Joan Didion published her reasons for writing, echoing George Orwell’s theme through her short essay, “Why I Write.” Good or bad, one arranges words in order to hear what one thinks--some things sound better (or worse) “out loud.” For Didion, writing was her way to explore the pictures in her mind. But who does one write for? Does it matter? Must everything be published? Not really.

A case might be made that a diary is for personal use while a journal is intended for publication; however, in practice, the case might also be made that there is no distinguishing between the two except for the purposes determined or designed by the writer. A journal may be intensely personal, where the author wrestles “out loud” over issues, makes resolutions, works out a plan. A diary may merely be the record of days, “what” happened “when” and “where.” For some, writing can be an intensely spiritual exercise.
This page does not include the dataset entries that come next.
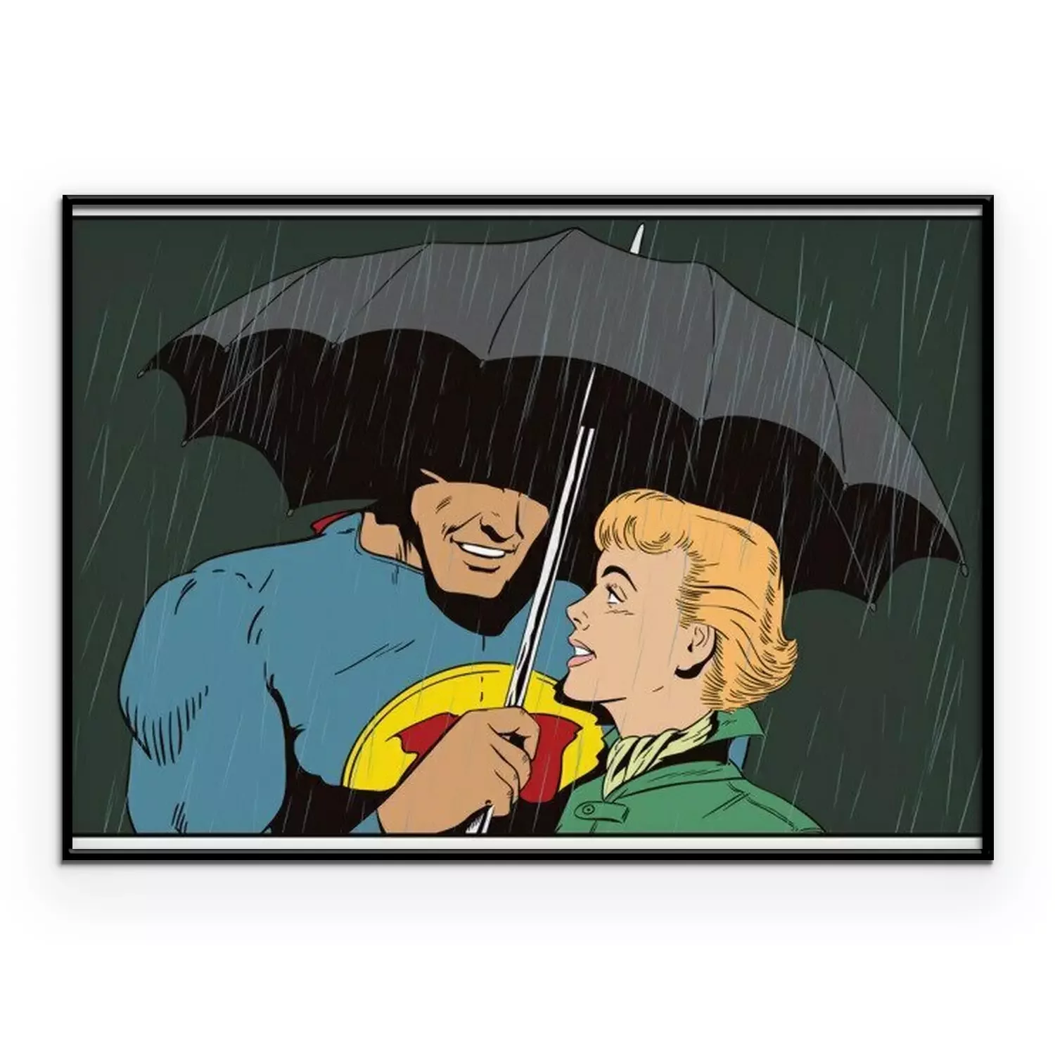 Poster: Superheld rettet Mädchen vor Regen. Ein Held hält einen Regenschirm über eine Frau. Stock Illustration.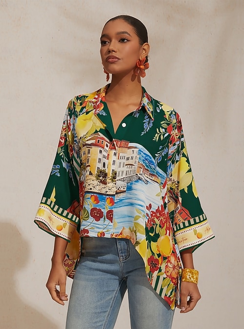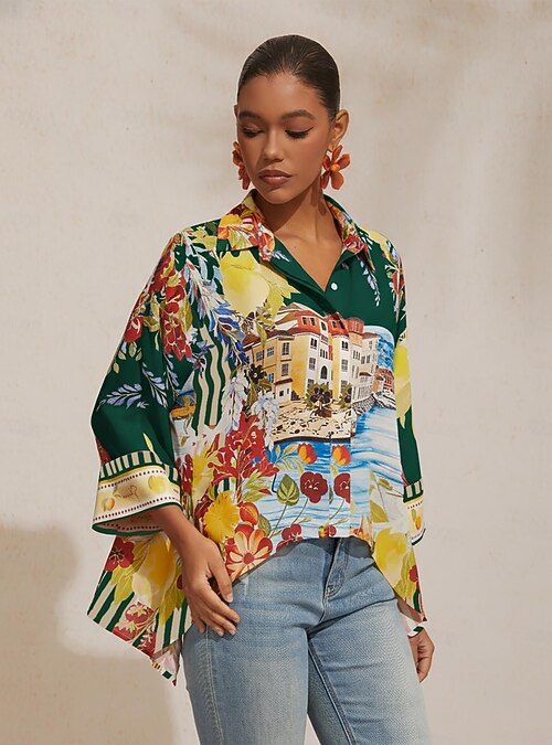 Santorini Sommer-Chiffon-Hemd mit Dolman-Ärmeln und City-Print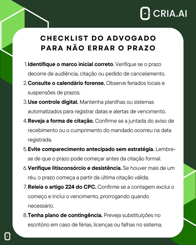 - Checklist do advogado para não errar o prazo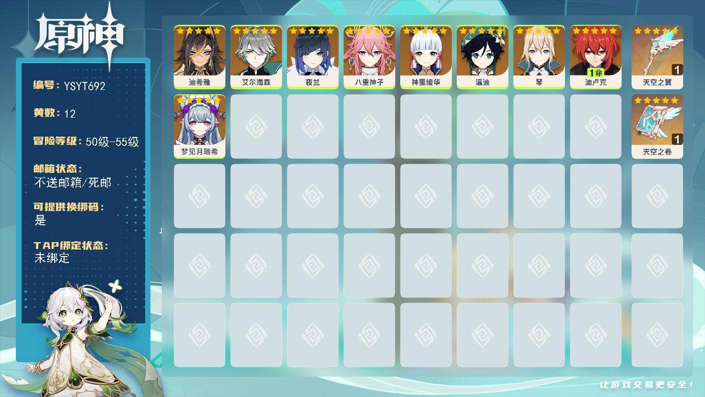 55级/12黄/女主/9个五星角色/2个五星武器/艾尔海森/八重神子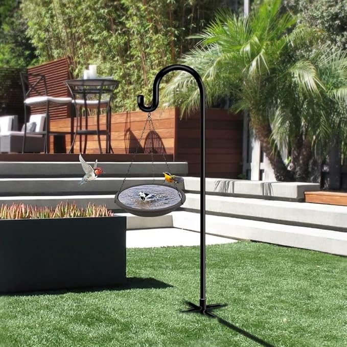 - INSTALLATION GUIDE: All heavy duty wrought iron plant pole hooks are equipped with installation instructions. Just make sure that every part is 100% tightened and they are ready to use, no extra tools or accessories needed. Warm tips: Do not directly hit the 5-prong base with hard objects, like hammer and we don’t recommend putting these hanging bird house stake into soft moist soil, which may cause the pole to tip over or bend down.

The beginning of this series introduced Jonathan Edwards and Benjamin Franklin’s exploration into virtue; that is, living as a holistic man. A common practice of their day was to not only make resolutions but to also keep a written record of events, some personal and others professional. David Brainerd, a New Englander close to Edwards kept a journal but his intent was to publish his writing. Edwards used his journal for personal examination. Interestingly, those who seek publication would not not have readily done so without the aid (directly or indirectly) of Franklin, who kept personal records of his own--not including his autobiography.

In conclusion, writing comes with ease the more one tries. Even if you copy to get the feel. Accept the challenge to fill a page with what’s on your mind. Should the subject changes as you write, don't stop. Just keep going and watch what happens.